Entries provided:
= = = = =

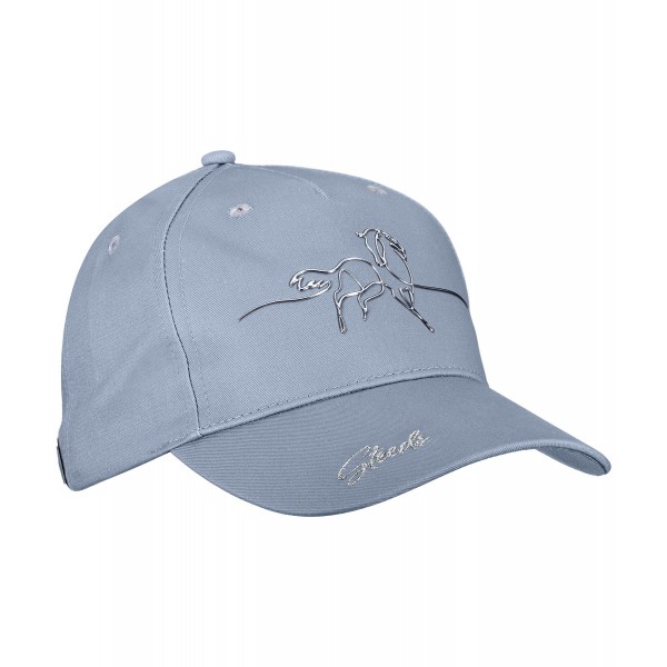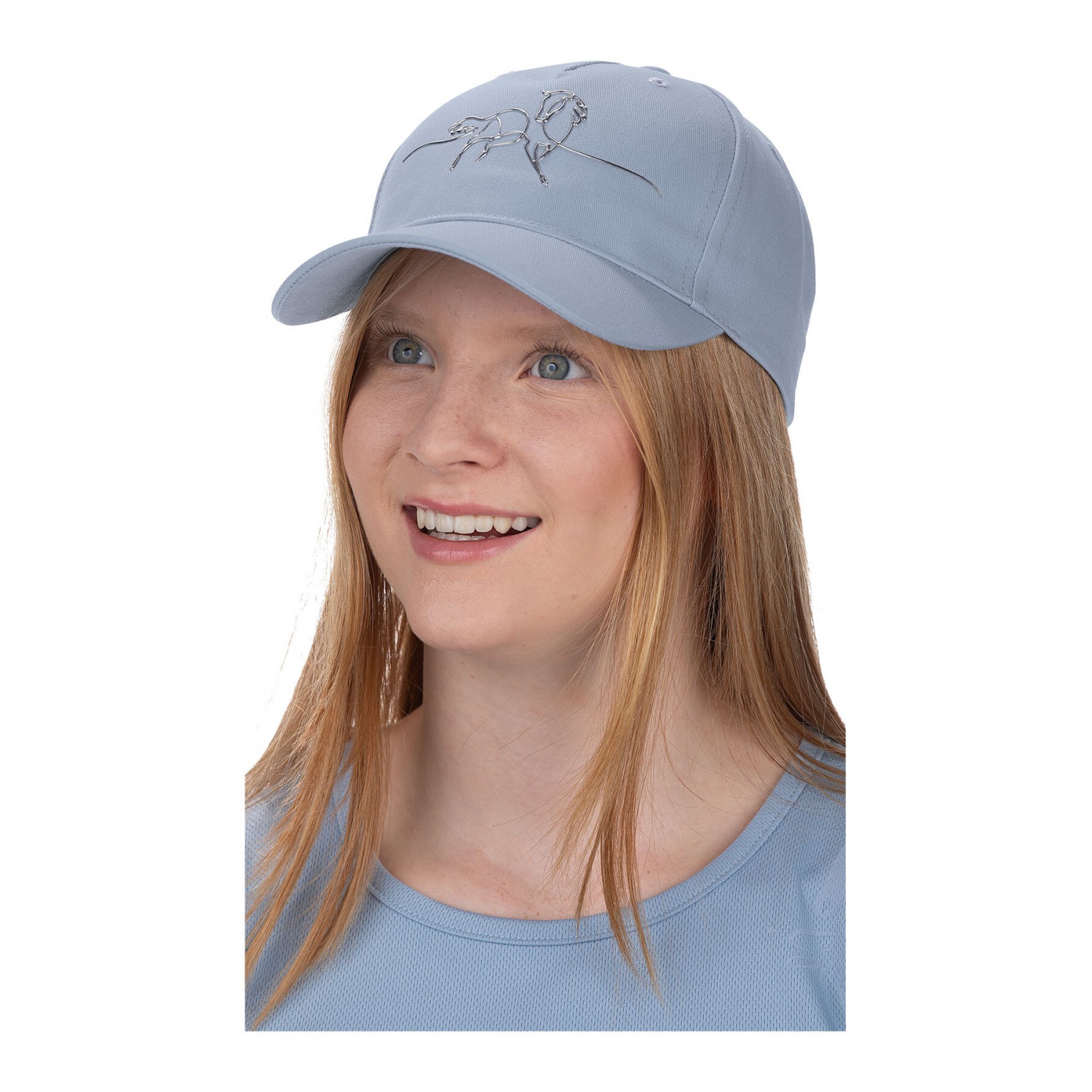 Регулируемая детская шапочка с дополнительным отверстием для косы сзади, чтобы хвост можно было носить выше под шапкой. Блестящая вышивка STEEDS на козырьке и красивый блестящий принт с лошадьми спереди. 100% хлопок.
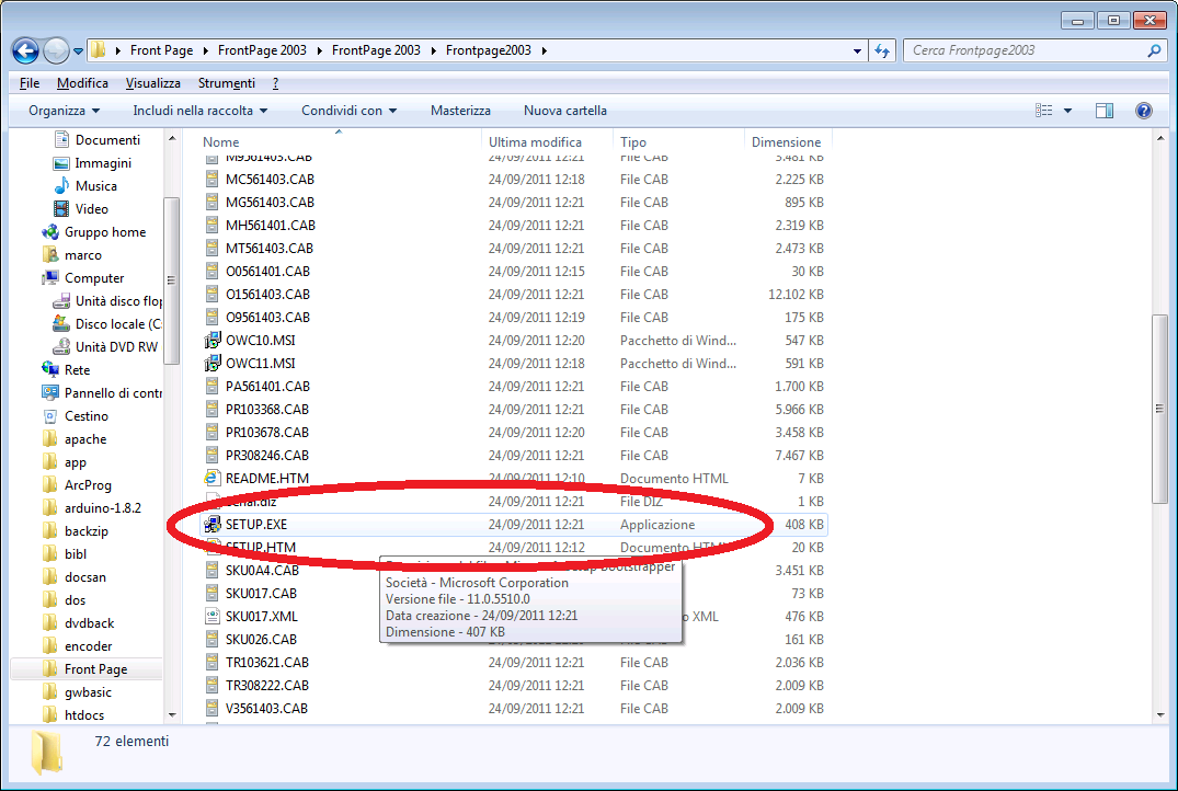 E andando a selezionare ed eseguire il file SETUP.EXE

= = = = =

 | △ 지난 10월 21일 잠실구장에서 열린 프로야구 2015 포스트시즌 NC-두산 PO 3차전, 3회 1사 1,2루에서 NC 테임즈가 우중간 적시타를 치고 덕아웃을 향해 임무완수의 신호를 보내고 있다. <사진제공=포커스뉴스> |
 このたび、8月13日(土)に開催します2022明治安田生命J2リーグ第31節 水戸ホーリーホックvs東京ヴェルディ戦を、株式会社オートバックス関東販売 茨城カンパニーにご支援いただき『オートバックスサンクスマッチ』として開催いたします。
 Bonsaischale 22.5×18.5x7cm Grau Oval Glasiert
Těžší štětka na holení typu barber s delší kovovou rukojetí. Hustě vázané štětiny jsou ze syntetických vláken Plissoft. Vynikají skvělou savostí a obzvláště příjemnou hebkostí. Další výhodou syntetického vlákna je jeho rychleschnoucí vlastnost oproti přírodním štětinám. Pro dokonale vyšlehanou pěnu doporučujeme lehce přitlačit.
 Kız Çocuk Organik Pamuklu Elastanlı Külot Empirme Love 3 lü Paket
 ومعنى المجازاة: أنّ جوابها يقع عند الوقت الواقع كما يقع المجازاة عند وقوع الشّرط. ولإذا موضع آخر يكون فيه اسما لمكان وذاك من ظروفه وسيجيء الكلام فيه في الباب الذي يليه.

= = = = =

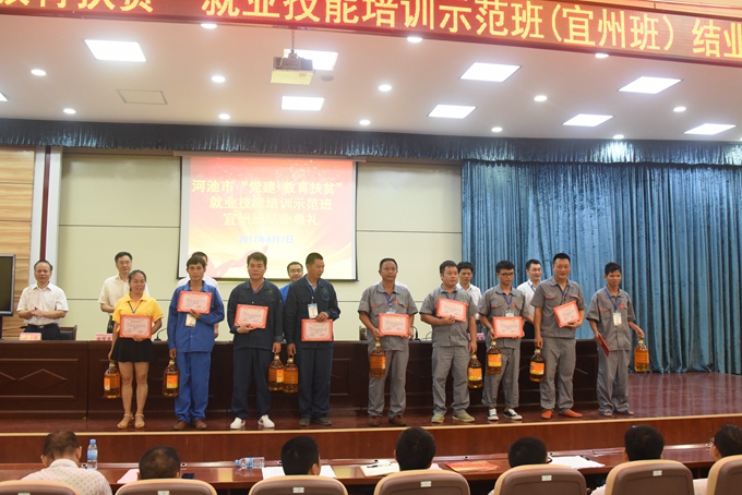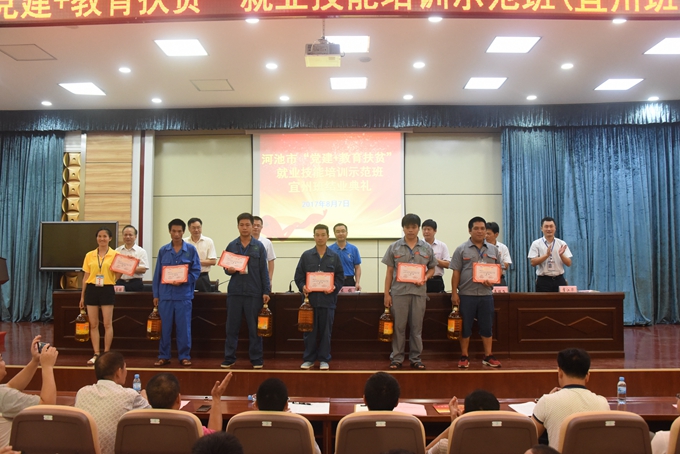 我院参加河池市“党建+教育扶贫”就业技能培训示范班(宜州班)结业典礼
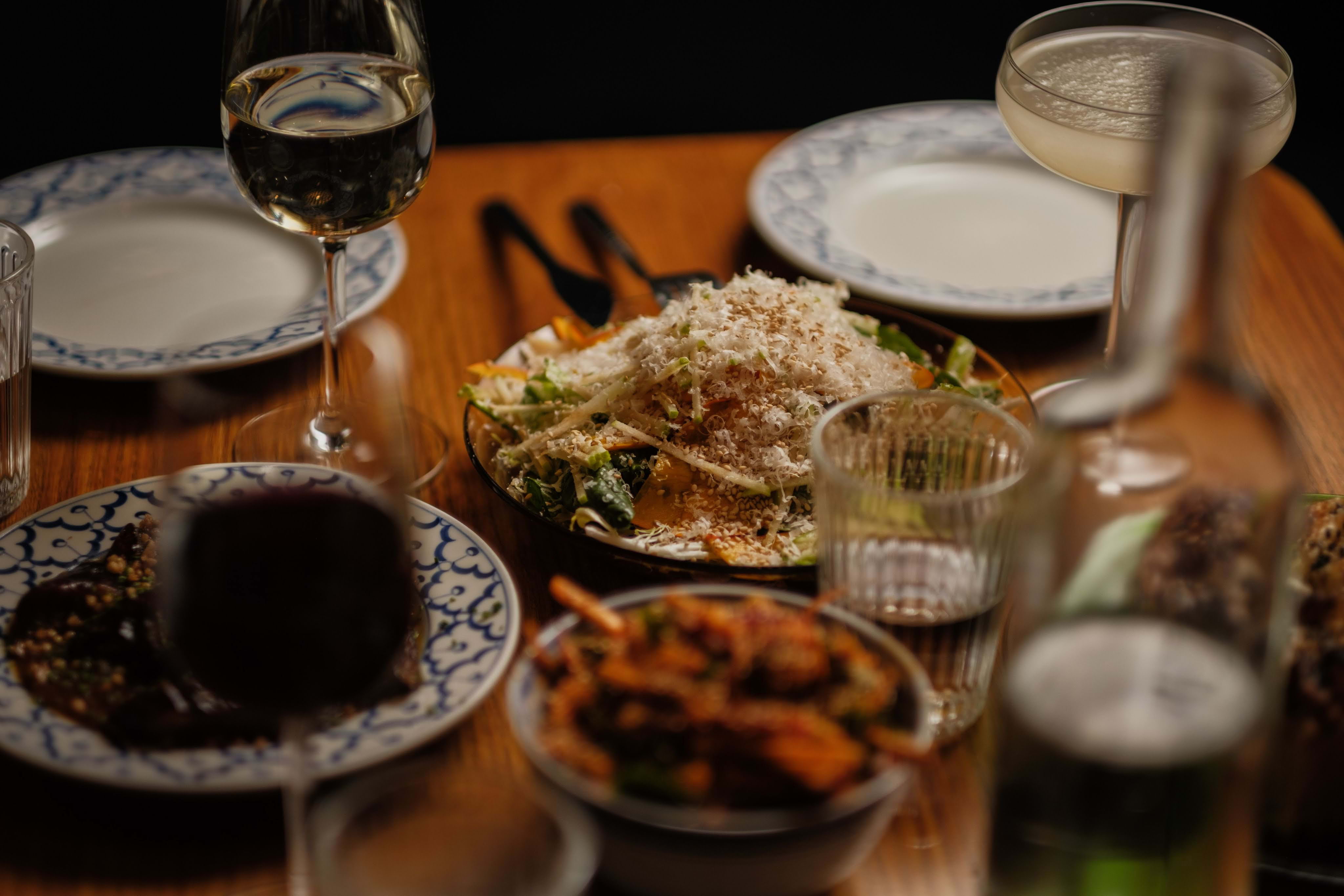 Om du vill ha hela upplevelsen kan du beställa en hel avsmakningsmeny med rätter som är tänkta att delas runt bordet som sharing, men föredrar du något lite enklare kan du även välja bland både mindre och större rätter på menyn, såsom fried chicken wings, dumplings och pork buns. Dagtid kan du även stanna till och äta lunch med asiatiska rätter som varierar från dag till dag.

= = = = =

What is required:
Your copy should hold the lines from the one with "Регулируемая детская шапочка" up to and including the one with "E andando a", exactly as in the data above, and no pictures.

Solution:
 Регулируемая детская шапочка с дополнительным отверстием для косы сзади, чтобы хвост можно было носить выше под шапкой. Блестящая вышивка STEEDS на козырьке и красивый блестящий принт с лошадьми спереди. 100% хлопок.
 E andando a selezionare ed eseguire il file SETUP.EXE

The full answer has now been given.